On Fri, May 1, 2015 at 7:58 PM, Gael Varoquaux <
gael.varoqu...@normalesup.org> wrote:

> I strongly advice raising an error. Very very very strongly.
>
> Being lax about ambiguous inputs makes prototyping and interactive usage
> easier: less typing, and the systems gets it right most of the time.
> However, it makes production use and debugging complex code much harder.

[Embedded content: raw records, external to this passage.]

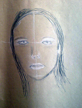 Students undertook extensive and closely supervised instruction in the Chiaroscuro method in portraiture. Students were given a series of simple exercises to become familiar with the method and mediums used. Below is a portrait study with examples of drawings by the students.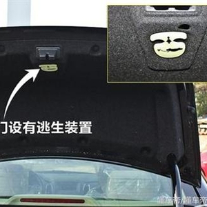 现在有不少车内有后备箱逃生装置,有的是拉环状,有的是凹槽内的半月型开关,有的则需要用钥匙或尖锐硬物撬下后备箱箱锁芯堵盖,找到逃生开关,拉动或扳动此开关即可从内部打开后备箱,如果落水或被绑架,这无疑就是一条逃生暗道。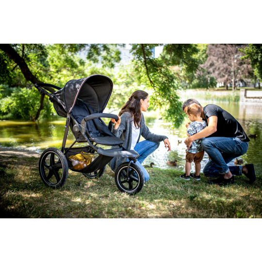 Robustní terénní kočárek // Vyrazte ven s tímto terénním fešákem za rodinným dobrodružstvím. Extra velká nafukovací kola zaručí jízdu s minimem otřesů. Kočárek díky otočnému kolu mistrovsky zdolá úzké zatáčky.
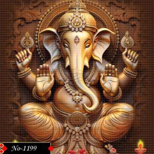 This peaceful portrayal of Lord Ganesha captures His divine presence with a calm and earthy color palette.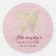 Mariposa de oro rosa, moderna, brillante, elegante, en combinación con fondo rosa purpurina con brillante, patrón de puntos polka. Un pegatina de moda, único y adorable, de cumpleaños femenino, clásico y redondo.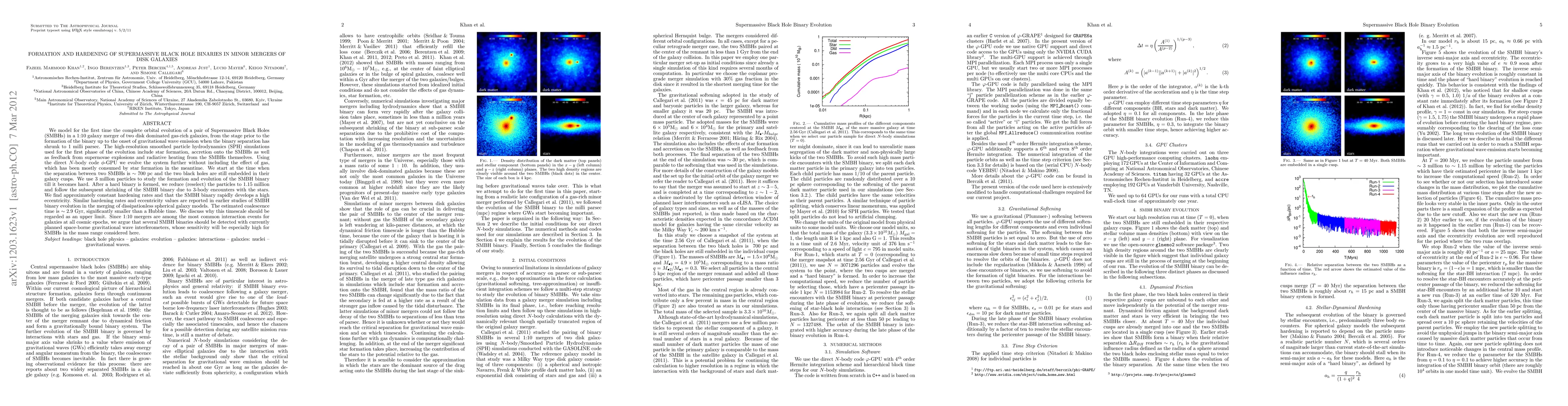 We model for the first time the complete orbital evolution of a pair of Supermassive Black Holes (SMBHs) in a 1:10 galaxy merger of two disk dominated gas-rich galaxies, from the stage prior to the formation of the binary up to the onset of gravitational wave emission when the binary separation has shrunk to 1 milli parsec. The high-resolution smoothed particle hydrodynamics (SPH) simulations used for the first phase of the evolution include star formation, accretion onto the SMBHs as well as feedback from supernovae explosions and radiative heating from the SMBHs themselves. Using the direct N-body code \phi-GPU we evolve the system further without including the effect of gas, which has been mostly consumed by star formation in the meantime. We start at the time when the separation between two SMBHs is ~ 700 pc and the two black holes are still embedded in their galaxy cusps. We use 3 million particles to study the formation and evolution of the SMBH binary till it becomes hard. After a hard binary is formed, we reduce (reselect) the particles to 1.15 million and follow the subsequent shrinking of the SMBH binary due to 3-body encounters with the stars. We find approximately constant hardening rates and that the SMBH binary rapidly develops a high eccentricity. Similar hardening rates and eccentricity values are reported in earlier studies of SMBH binary evolution in the merging of dissipation-less spherical galaxy models. The estimated coalescence time is ~ 2.9 Gyr, significantly smaller than a Hubble time. We discuss why this timescale should be regarded as an upper limit. Since 1:10 mergers are among the most common interaction events for galaxies at all cosmic epochs, we argue that several SMBH binaries should be detected with currently planned space-borne gravitational wave interferometers, whose sensitivity will be especially high for SMBHs in the mass range considered here.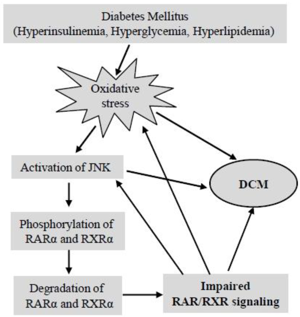 - Singh, A.B.; Guleria, R.S.; Nizamutdinova, I.T.; Baker, K.M.; Pan, J. High Glucose-induced repression of RAR/RXR in cardiomyocytes is mediated through oxidative stress/JNK signaling. J. Cell. Physiol. 2012, 227, 2632–2644. [Google Scholar] [CrossRef]
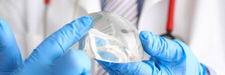 Surgeon in operation room is holding sterile breast silicone implant in hands.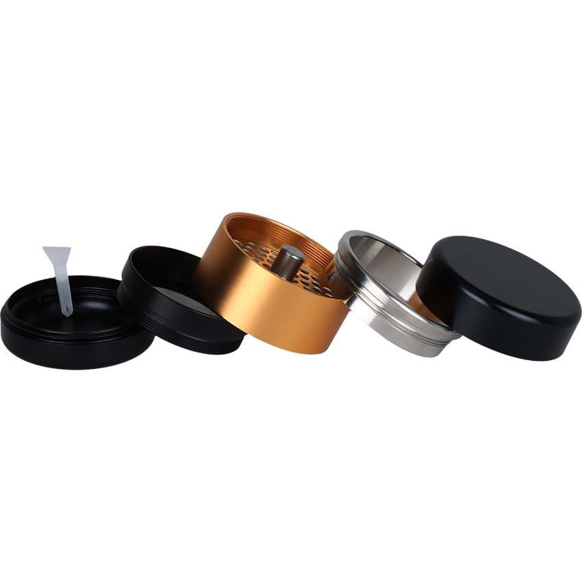 The Aluminum Manually Operated Herb Mill has a unique toothless design that prevents over-grinding, preserving the texture of delicate herbs. The 5-piece design includes a solid top with a grinder plate insert, a grinding chamber, a sifting screen, and a pollen chamber base. The aluminum build is quite durable and each grinder includes a scraping tool. Colors vary.

> Indeed, errors, that might not be related to a simple user error but
> might be generated by a complex framework, do not lead to exceptions, but
> to problems down the line.
>
> We are not R. We require a bit more of typing, we don't have as many
> shortcuts and magic syntax. But we can be used in production, on big
> datasets. We can be used by people like Airbus to monitor failures of
> part in planes [*], or by many others.
>
> Yes beginners want things to 'just work', but in the long run, they are
> thankful for a well-thought and strict specification.
>
> Gaƫl
>
>
> [*]
>
> http://www.pyvideo.org/video/3519/scikit-learn-for-predictive-maintenance-at-airbus
>
> On Fri, May 01, 2015 at 06:51:00PM +0100, Luca Puggini wrote:
> > I vote for 3.
>
> > On Fri, May 1, 2015 at 6:27 PM, Andreas Mueller <t3k...@gmail.com>
> wrote:
>
> >     Hi all.
> >     A quick questions on future API.
> >     What should happen if a user passes an X with shape (N,), in other
> words
> >     X.ndim == 1?
>
> >     This is unfortunately not really consistent in scikit-learn right
> now.
> >     Three things are possible:
> >     1) Raise an error
> >     2) N = n_features, that is X contains a single sample
> >     3) N = n_samples, that is X has a single feature
>
> >     I would think it should be N=n_samples. Gael thinks (iirc) we should
> raise
> >     an error.
> >     In the code, we currently take N=n_features in predict,
> decision_function,
> >     predict_proba and transform, basically everywhere.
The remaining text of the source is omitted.